Ph D abstract - Per Andersson
Efficient Modelling and Synthesis of Data Intensive
Digital systems are integrated in our environment and have become a
natural part of our every day life. As we rely more on these systems
our expectations on them increases. We expect them to perform new
tasks, communicate and cooperate. The complexity of these systems are
increasing. The increasing complexity and the requirement for
flexibility, which allows the system to adapt and evolve over time,
makes them difficult to design and realise using existing techniques
and tools. This thesis address different problems in the design process
of flexible digital systems.
We present our computational model Image Processing-Data Flow Graphs
(IP-DFG), a computational model tailored for modelling and
implementation of image processing algorithms. IP-DFG is based on Data
Flow Graphs (DFGs), which have been extended with hierarchy and
explicit support for loops. This allows for a natural representation of
image processing tasks.
The computational model IP-DFG have been integrated into our run-time
system IPAPI. IPAPI manages the execution of all image processing
related tasks in our Unmanned Aerial Vehicle (UAV) in the WITAS
project. Combining a Java implementation of IPAPI and a library of
highly optimised implementations of a few key IP-DFG nodes gives high
flexibility and sufficient performance. The flexibility greatly
simplified the process of migrating the functionality from a simulated
system on desktop computers to the on-board system of the UAV.

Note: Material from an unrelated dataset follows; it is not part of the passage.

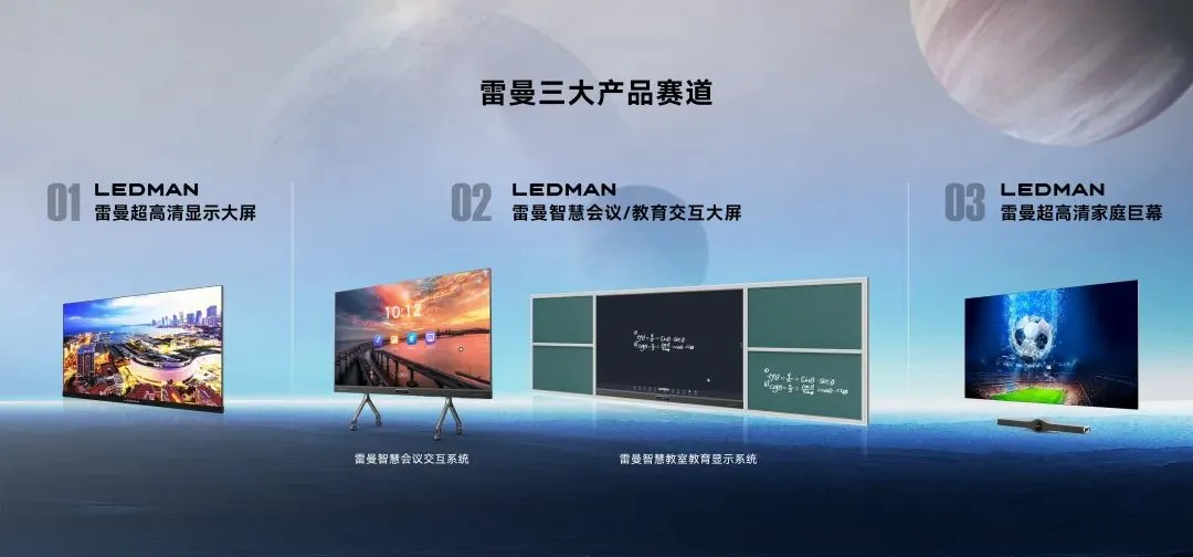作為超高清顯示領(lǐng)域的領(lǐng)航者,雷曼深度布局了專業(yè)顯示、商業(yè)顯示、家用顯示三大產(chǎn)品賽道,并基于自主專利COB技術(shù)打造了雷曼超高清顯示大屏、雷曼智慧會議交互系統(tǒng)、雷曼智慧教室教育顯示系統(tǒng)以及雷曼超高清家庭巨幕等產(chǎn)品,構(gòu)建了全方位的產(chǎn)品和解決方案生態(tài)。

Hardware acceleration have successfully been used to increase the
performance in many applications. We discuss different trade-offs
during the design process of hardware accelerated systems and present
our hardware software interface. We also suggests a design flow for
rapid prototyping of System on Programmable Chips (SoPCs).
One part of the design flow is automatic hardware compilation from
Java. Our hardware compiler takes a new approach to hardware
compilation. The source code is partitioned based on its behaviour and
characteristics. Each partitioned is treated separately, allowing
domain specific optimisations and code generators to be used.
Our work with hardware compilation have been focused on memory
accesses. We use data dependence analysis to detect data reuse. Data to
be reduced are stored in local memories close to the data path. This
drastically reduce the number of accesses to the data being processed,
allowing large data structures to be stored in cost efficient but slow
external memory while still running the data path at full speed.